» DATA TO EXAMINE
((
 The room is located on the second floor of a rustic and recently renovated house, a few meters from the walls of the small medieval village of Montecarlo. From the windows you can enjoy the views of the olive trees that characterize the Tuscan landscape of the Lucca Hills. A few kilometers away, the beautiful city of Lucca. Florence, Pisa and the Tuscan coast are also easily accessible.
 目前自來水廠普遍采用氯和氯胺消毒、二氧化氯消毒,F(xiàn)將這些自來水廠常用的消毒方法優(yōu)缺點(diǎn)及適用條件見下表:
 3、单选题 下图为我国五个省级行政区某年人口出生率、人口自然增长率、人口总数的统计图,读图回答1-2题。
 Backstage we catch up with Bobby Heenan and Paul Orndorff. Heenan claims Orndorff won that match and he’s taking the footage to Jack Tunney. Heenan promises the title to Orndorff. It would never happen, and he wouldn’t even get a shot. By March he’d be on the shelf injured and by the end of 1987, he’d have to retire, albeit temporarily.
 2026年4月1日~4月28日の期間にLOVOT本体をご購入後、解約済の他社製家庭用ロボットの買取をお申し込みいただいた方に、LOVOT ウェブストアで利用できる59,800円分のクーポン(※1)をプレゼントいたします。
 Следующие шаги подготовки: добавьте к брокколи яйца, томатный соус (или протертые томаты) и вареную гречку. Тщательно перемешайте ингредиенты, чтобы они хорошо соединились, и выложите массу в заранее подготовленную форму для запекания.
))
((
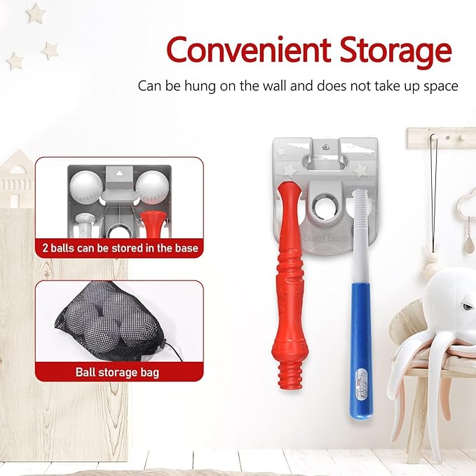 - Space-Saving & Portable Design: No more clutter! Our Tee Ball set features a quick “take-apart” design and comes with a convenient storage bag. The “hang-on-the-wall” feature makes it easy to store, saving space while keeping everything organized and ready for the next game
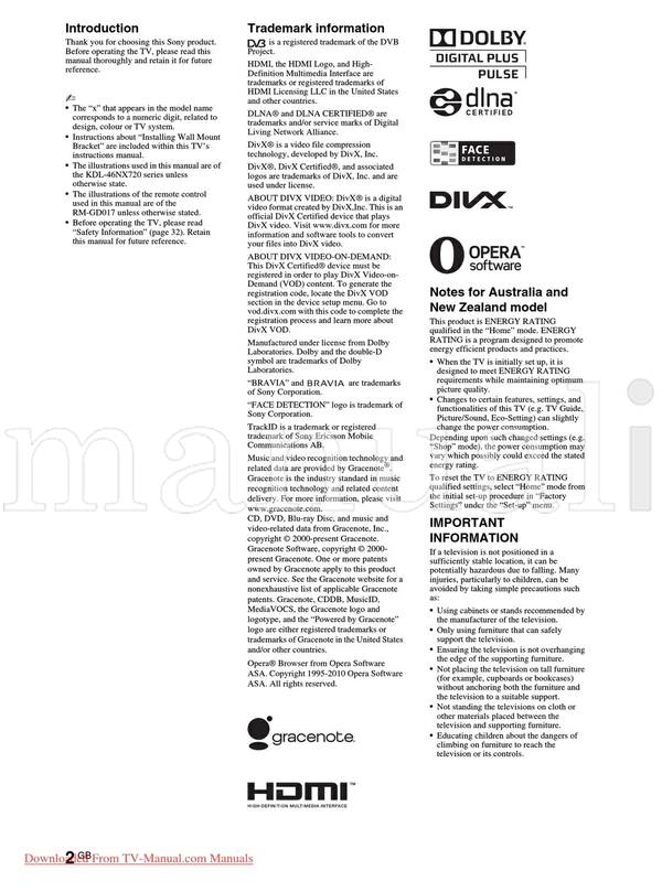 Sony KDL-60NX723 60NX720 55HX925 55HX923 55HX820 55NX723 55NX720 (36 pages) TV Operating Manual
))
((
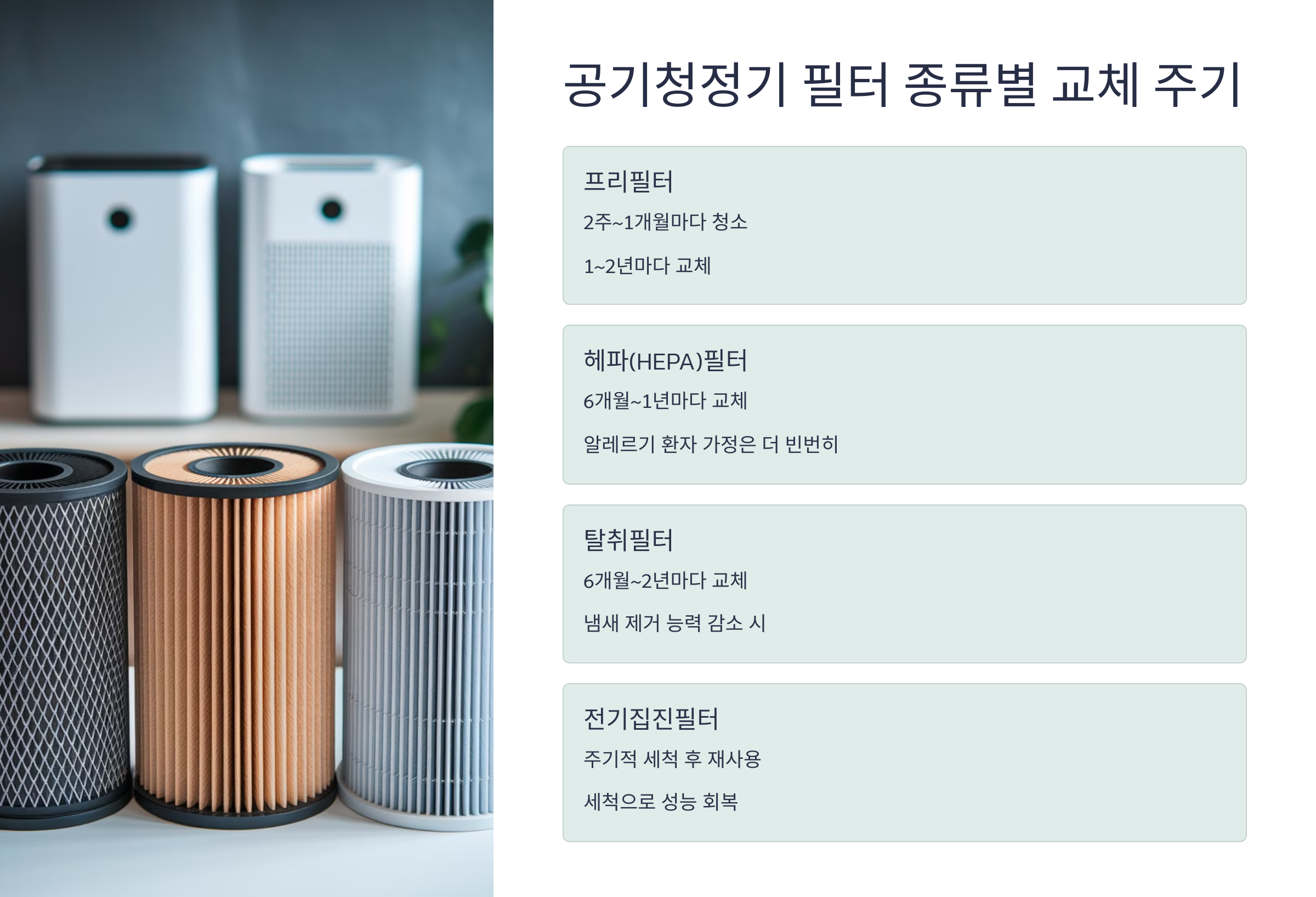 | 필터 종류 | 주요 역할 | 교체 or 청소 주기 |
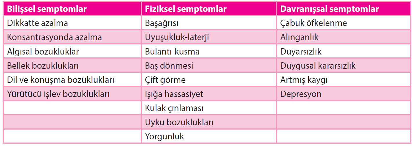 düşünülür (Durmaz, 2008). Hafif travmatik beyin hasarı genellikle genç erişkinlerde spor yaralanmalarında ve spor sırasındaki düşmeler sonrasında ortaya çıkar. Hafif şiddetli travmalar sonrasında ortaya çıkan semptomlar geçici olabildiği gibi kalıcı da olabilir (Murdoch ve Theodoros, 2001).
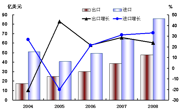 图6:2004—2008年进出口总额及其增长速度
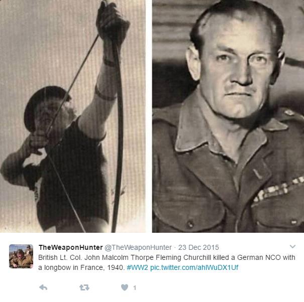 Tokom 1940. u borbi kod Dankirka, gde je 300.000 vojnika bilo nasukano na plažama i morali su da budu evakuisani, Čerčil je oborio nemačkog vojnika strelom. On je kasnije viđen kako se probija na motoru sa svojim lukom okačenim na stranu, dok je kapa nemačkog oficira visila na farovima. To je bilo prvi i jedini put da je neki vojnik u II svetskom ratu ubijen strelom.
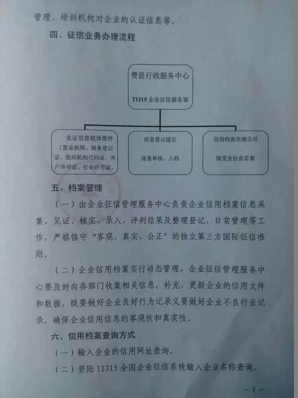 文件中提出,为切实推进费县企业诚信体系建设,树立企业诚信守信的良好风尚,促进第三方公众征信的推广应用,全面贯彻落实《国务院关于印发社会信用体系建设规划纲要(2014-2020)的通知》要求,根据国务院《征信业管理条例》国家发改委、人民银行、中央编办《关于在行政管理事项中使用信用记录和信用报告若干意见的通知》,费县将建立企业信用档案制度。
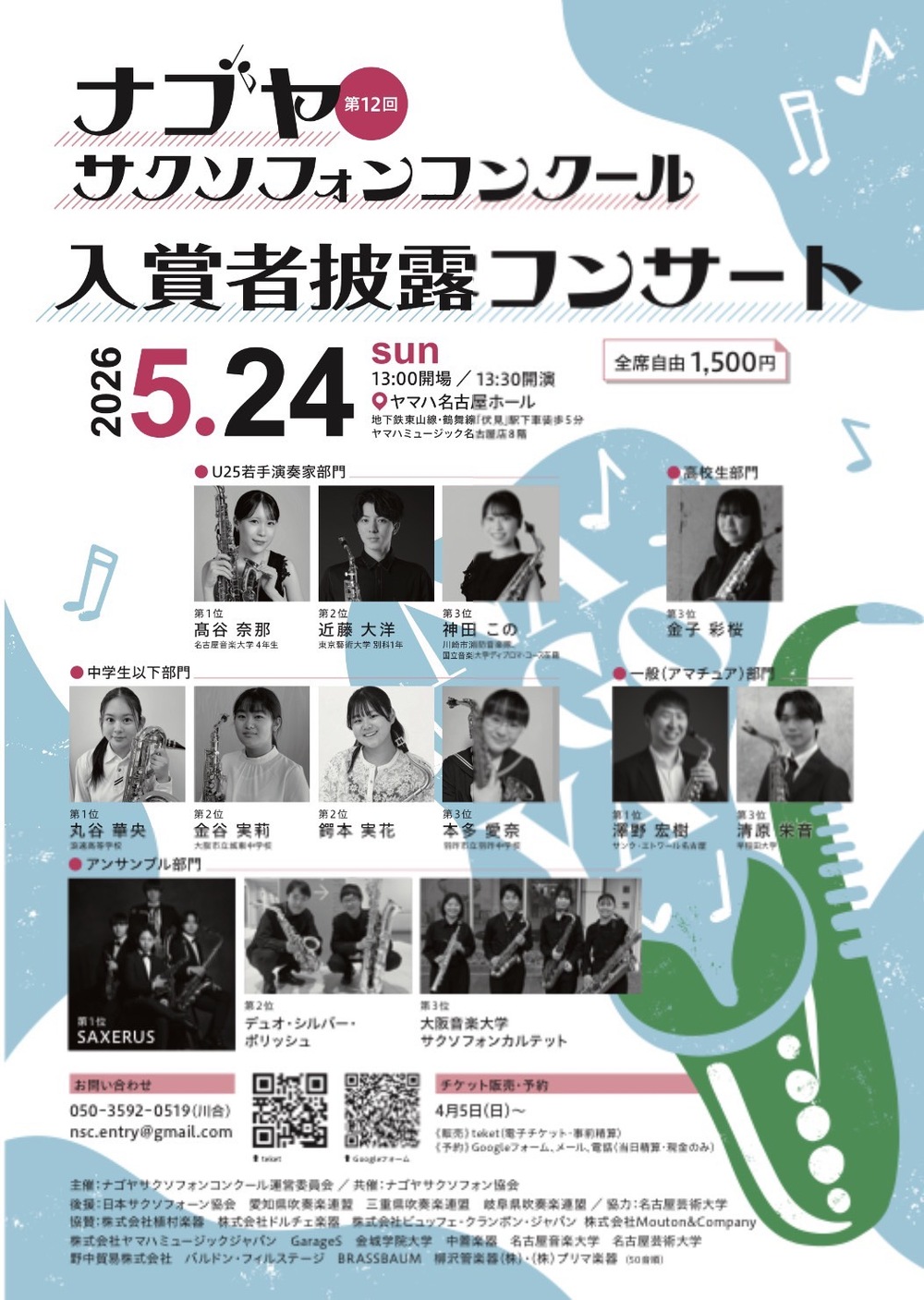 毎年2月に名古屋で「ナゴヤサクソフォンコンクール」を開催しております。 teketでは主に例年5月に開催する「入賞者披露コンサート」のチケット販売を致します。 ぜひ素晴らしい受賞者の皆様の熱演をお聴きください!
))
» AIM OF THE TASK
Within the data above, the span starting at the line containing "3、单选题 下图为我国五个省" and ending at the line containing "Следующие шаги подготовки: добавьте" is to be retyped exactly, with no other lines.

» RESPONSE AREA
 3、单选题 下图为我国五个省级行政区某年人口出生率、人口自然增长率、人口总数的统计图,读图回答1-2题。
 Backstage we catch up with Bobby Heenan and Paul Orndorff. Heenan claims Orndorff won that match and he’s taking the footage to Jack Tunney. Heenan promises the title to Orndorff. It would never happen, and he wouldn’t even get a shot. By March he’d be on the shelf injured and by the end of 1987, he’d have to retire, albeit temporarily.
 2026年4月1日~4月28日の期間にLOVOT本体をご購入後、解約済の他社製家庭用ロボットの買取をお申し込みいただいた方に、LOVOT ウェブストアで利用できる59,800円分のクーポン(※1)をプレゼントいたします。
 Следующие шаги подготовки: добавьте к брокколи яйца, томатный соус (или протертые томаты) и вареную гречку. Тщательно перемешайте ингредиенты, чтобы они хорошо соединились, и выложите массу в заранее подготовленную форму для запекания.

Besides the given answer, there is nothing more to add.